In my opinion action should be taken to prevent future deaths and I believe you have the power to take such action.
You are under a duty to respond to this report within 56 days of the date of this report, namely by 12 November 2023. I, the coroner, may extend the period.

Your response must contain details of action taken or proposed to be taken, setting out the timetable for action. Otherwise you must explain why no action is proposed.
I have sent a copy of my report to the Chief Coroner and to the following Interested Persons namely the families, and East Kent Hospitals University NHS Foundation Trust.
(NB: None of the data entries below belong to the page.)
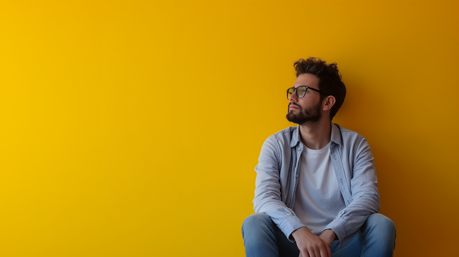Contemplative man with glasses against a vibrant yellow background, wearing a denim shirt and jeans, gazing thoughtfully upward.
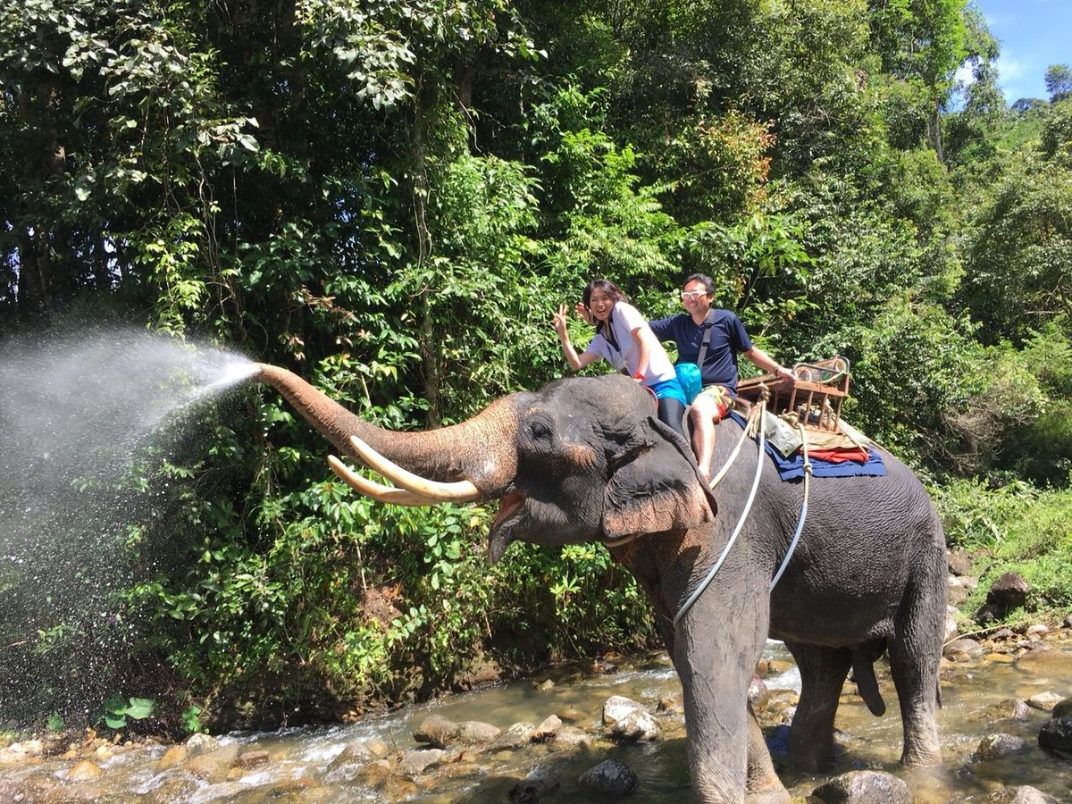 寺院を観た後、ターザンから始まり、ラフティング、象乗り、一日中アクティブに遊び、大満足でした。象使いのおじさんは、象から降りて、私たちのスマホで写真や動画を撮ってくれました。写真を買わないと象に乗っている姿は手に入らないと思っていたので嬉しかったです。
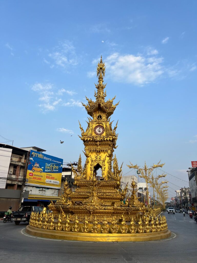 Abends beschlossen wir unsere letzten Thai-Baht für einen saftigen vegetarischen Burger auszugeben und noch einmal Mango Sticky Rice auf dem Night Bazar zu essen. Beim Rückweg zu unserer Unterkunft machten wir noch Halt bei dem goldenen Glockenturm, der ab 19 Uhr zu jeder vollen Stunde mit passender Musik leuchtet.

I am also under a duty to send the Chief Coroner a copy of your response.

The Chief Coroner may publish either or both in a complete or redacted or summary form. He may send a copy of this report to any person who he believes may find it useful or of interest. You may make representations to me, the coroner, at the time of your response, about the release or the publication of your response by the Chief Coroner.